To prove $\neg P$ under some set of assumptions $A$, show that the assumptions $A$ together with $P$ lead to a contradiction (falsity). For example, to show that

$$(\forall x \in D) \neg P(x) \Rightarrow \neg (\exists x \in D) P(x),$$

assume $(\exists x \in D) P(x)$ together with $(\forall x \in D) \neg P(x)$. The first means there is some element $x_0 \in D$ such that $P(x_0)$ is true. On the other hand, if $(\forall x \in D) \neg P(x)$, then $\neg P(x_1)$ is true for any $x_1 \in D$; in particular, $\neg P(x_0)$ is true. In that case we have that both $P(x_0)$ is true and $\neg P(x_0)$ is true, but we know that if $P(x_0)$ is true then $\neg P(x_0)$ is false, and there's your contradiction: the statement $\neg P(x_0)$ cannot be simultaneously true and false.

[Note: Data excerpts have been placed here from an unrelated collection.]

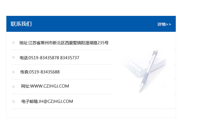 地址:常州市新北區友邦商務大廈1幢16、17層  電話:0519-85101652  傳真:0519-85112595  郵編:213022  網址:www_cz-jiayue_cn.makarmalar.com  郵箱:xiajifengaa@163.com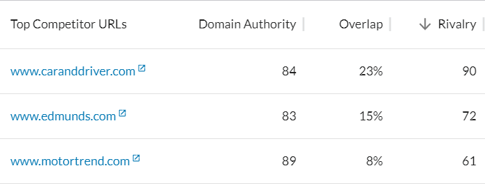 These are Ford’s #1, #2, and #5 competitors, and they aren’t automakers — they’re automotive content producers. Does this mean that Chevy and Tesla aren’t Ford’s competitors? Of course not. It means that those automakers are infrequently appearing in SERPs alongside Ford. Ford is competing with mentions of their own products (makes and models) in leading online publications.
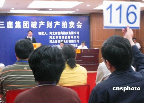 5月8日,河北省石家庄市中级法院继续公开拍卖石家庄三鹿集团破产财产。唐山恒天然三鹿牧场有限公司15%的股权、唐山市康圣乳业有限公司70%的股权、河南花花牛乳业有限公司25%的股权均被拍出,保定三鹿乳业有限公司51%的股权因故撤拍,择日再拍。图为116号竞买人分别以1600万人民币拍得唐山恒天然三鹿牧场有限公司15%的股权、以4150万人民币拍得唐山市康圣乳业有限公司70%的股权。中新社发 翟羽佳 摄
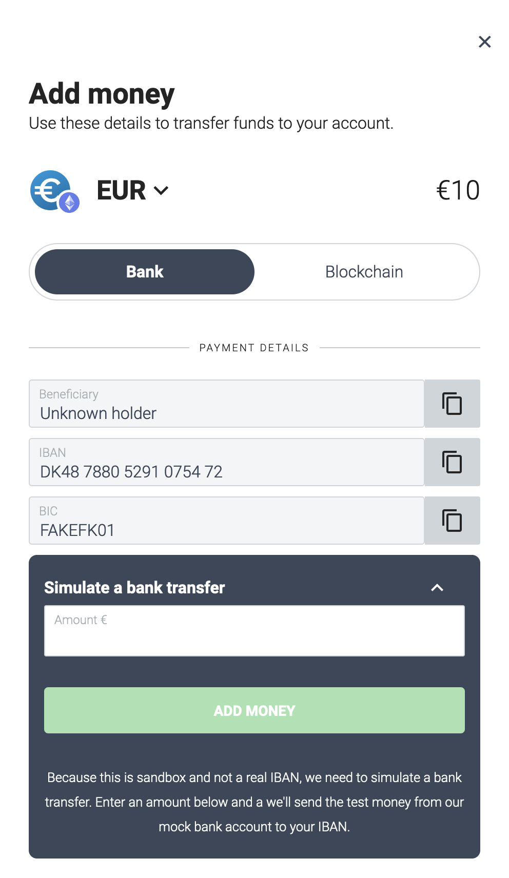 • Create a test IBAN transfer onto the account. The tokens from this test transfer will be available in the Safe.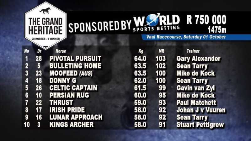 9 years 2 weeks agoA full field of 28-runners and two reserves have been unveiled for the inaugural running of The Grand Heritage, sponsored by World Sports Betting, at the Vaal Racecourse on 1 October.

To prove $(\forall x \in D) P(x)$ under some set of assumptions $A$, let $x_0$ be a particular but arbitrary element of $D$, and then prove that $P(x_0)$ is true under the assumptions $A$. For example, let's prove that

$$\neg (\exists x \in D) P(x) \Rightarrow (\forall x \in D) \neg P(x).$$

So, let $x_0 \in D$ be an arbitrary element. We assume $\neg (\exists x \in D) P(x)$, and our goal is to prove $\neg P(x_0)$. Remembering what we said in the previous paragraph, it suffices to prove that the assumptions $P(x_0)$ and $\neg (\exists x \in D) P(x)$ together lead to a contradiction. But the assumption $P(x_0)$ witnesses the fact that $(\exists x \in D) P(x)$ is true [the latter means $P(x_1)$ is true for some $x_1 \in D$, but you see this by taking $x_1$ to be $x_0$!]. But this contradicts the other assumption that $\neg (\exists x \in D) P(x)$ is true, and now the proof is complete.

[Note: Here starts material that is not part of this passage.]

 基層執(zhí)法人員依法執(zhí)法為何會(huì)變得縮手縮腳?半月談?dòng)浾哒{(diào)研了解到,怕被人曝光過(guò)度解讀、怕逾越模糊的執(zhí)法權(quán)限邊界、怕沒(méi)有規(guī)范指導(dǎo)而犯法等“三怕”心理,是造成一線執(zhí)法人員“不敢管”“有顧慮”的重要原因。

From the work above, you can now prove (1) [hint: define $P(x)$ to be $\neg \phi(x)$, and use double negation laws].

To prove $P \wedge Q$ under a set of assumptions $A$, prove separately that $P$ follows from $A$ and that $Q$ follows from $A$. So for the forward implication of (2), prove that $(\forall x \in D) (\phi(x) \wedge \psi(x))$ implies $(\forall x \in D) \phi(x)$ [and similarly with $\psi$ replacing $\phi$]. To prove

$$(\forall x \in D) (\phi(x) \wedge \psi(x)) \Rightarrow (\forall x \in D) \phi(x),$$

let $x_0$ be a particular but arbitrary element of $D$, and assume $(\forall x \in D) (\phi(x) \wedge \psi(x))$; our goal is to prove $\phi(x_0)$. But from the assumption $(\forall x \in D) (\phi(x) \wedge \psi(x))$, it follows that $\phi(x_1) \wedge \psi(x_1)$ for any $x_1 \in D$, in particular when $x_1 = x_0$. So the statement $\phi(x_0) \wedge \psi(x_0)$ is true. This forces $\phi(x_0)$ to be true, which is what we wanted.

To prove the reverse implication of (2), i.e., to prove

$$((\forall x \in D) \phi(x)) \wedge ((\forall x \in D) \psi(x)) \Rightarrow (\forall x \in D) (\phi(x) \wedge \psi(x)),$$

remember what we said about how to prove statements of the form $(\forall x \in D) P(x)$ from a set of assumptions $A$. I'm going to leave this one as an exercise.

(3) follows from (2) by invoking "$\neg \forall \equiv \exists \neg$" and/or "$\neg \exists \equiv \forall \neg$", which we have carried out above, together with De Morgan laws that govern the interaction between $\vee, \wedge$, and $\neg$. I'm going to leave this as an exercise as well.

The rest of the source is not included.